Перед завтраком пришлось дожидаться зиночкиного зова под окном канцелярии. Нужно было отчитаться после вольных странствий. Тетидунину ворожбу, донесшуюся из окна, подслушал случайно:
— Нечаянный, неожиданный интерес в казенном доме.
— Что ты, тетя Дуня! — возразил сиплый зиночкин голосок. — Какой может быть интерес в этом доме?
— Я знаю? Что выпадает, то и гадаю. Врать не стану.
— Ладно, продлжай.
— Грелка-то горячая? А то пойду, нацежу кипяточку. Прижми ее к животу ить, прижми! Полегчает. Разворотил он там тебе все.
— Пропаду я в этой общаге. Хоть какую бы мне клетушку отдельную.

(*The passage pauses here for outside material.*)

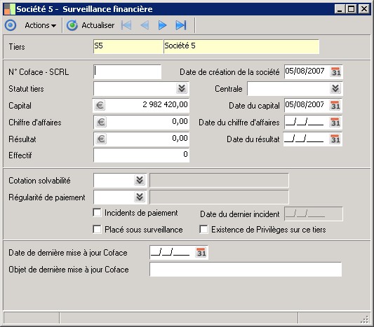 Cette zone permet de renseigner la date de dernière mise à jour Coface - SCRL.Cette zone peut notamment être mise à jour automatiquement lors des connexions au Serveur Coface via le Portail Sage pour la surveillance financière du tiers. |

Всем бы за нее поступилась, никем не побрезговала бы.
— Знамо дело, да порушено все.
— Тут одну развалюху трухлявую предлагали за городом. Две тыщи стоит. Деньжат бы занять!
— Где займешь? Лучше прищепляй медали и дуй в сполком, проси жилье.
— Безнадега! Там баб с детишками, да калек!
— Ты добивайся, требуй!
— Нет жилья, что требовать. Об осени с ужасом думаю. Хоть темный чулан в бараке, только б долой с глаз людских. Все бы наладилось … Что за жизнь, от получки до получки не дотянуть?!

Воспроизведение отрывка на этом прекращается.